Definitely gel coat, not flow coat.

I think I've learned enough to feel confident about tackling the tatty corners on the superstructure. It might save having to repaint the superstructure, too.

I've just been cleaning the hull's gel coat with a solution of oxalic acid and wallpaper paste - the results are dramatic, and I can see how easy it would be to have the gel coat looking like new - if only I was keeping the hull the same colour...!
Pros can do it in a dedicated boatshed with all the gear, for £many thousands, but even then, the recommendation is paint.
You can of course do repairs with gelcoat, but I wouldnt try the whole boat, as I doubt you will ever get it smooth again. It certainly isnt DIY.
PBO extra magazine had a few pages on how to paint. results looked good, but even then it wasnt a simple job.
 
I think I've learned enough to feel confident about tackling the tatty corners on the superstructure.

Well at least if you do just that at first you may realize just how hard it will be to do the whole hull. Experience is all with this stuff. I agree re-gelling the hull sounds like a good idea, I've often wished it could be done successfully, but having used literally TONS of the stuff in my lifetime, I certainly wouldn't attempt what you're proposing.

Good luck anyway, it's your boat your choice. You could knock thousands off its value, and probably will I suspect. Just my opinion of course.
 
Well at least if you do just that at first you may realize just how hard it will be to do the whole hull. Experience is all with this stuff. I agree re-gelling the hull sounds like a good idea, I've often wished it could be done successfully, but having used literally TONS of the stuff in my lifetime, I certainly wouldn't attempt what you're proposing.

Good luck anyway, it's your boat your choice. You could knock thousands off its value, and probably will I suspect. Just my opinion of course.

Thanks - yes, I'm trying to add future value by changing the colour.

Maybe I'm subconsciously associating painted GRP hulls with grotty tenders from twenty years ago - with peeling, faded paint and nasty brush strokes - but it seems paint technology has moved on. Indeed, many new GRP boats are painted from new I now discover...
 
Thanks - yes, I'm trying to add future value by changing the colour.

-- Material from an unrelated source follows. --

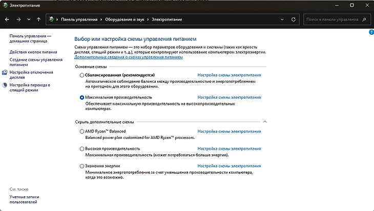 Нажмите на Поиск на Панели задач. Введите «Электропитание» и откройте одноименное приложение. Нажмите «Показать дополнительные схемы».

Maybe I'm subconsciously associating painted GRP hulls with grotty tenders from twenty years ago - with peeling, faded paint and nasty brush strokes - but it seems paint technology has moved on. Indeed, many new GRP boats are painted from new I now discover...

Except in the case of an irredeemably faded/damaged gel-coat, painting or other resurfacing will probably reduce the value. If the existing gel-coat is in good condition, then painting - even to improve the aesthetics - will reduce the value. I would be hesitant about a repainted boat; I'd wonder what they were trying to hide! But there comes a point where the gel-coat can't be restored to it's original looks, and at that point, painting makes sense.

Given what people have said about the impossibility of getting a good finish with gel-coat, I wouldn't consider it at all, and probably wouldn't consider buying a boat to which it had been done. Again, I'd wonder what was so wrong that was being hidden!

It is also worth remembering that your concept of what makes a boat look good may not be everyone's; white tends to be universally acceptable!

Finally, a coloured layer on white will show any scratch or abrasion VERY prominently as the white shows through the dark paint.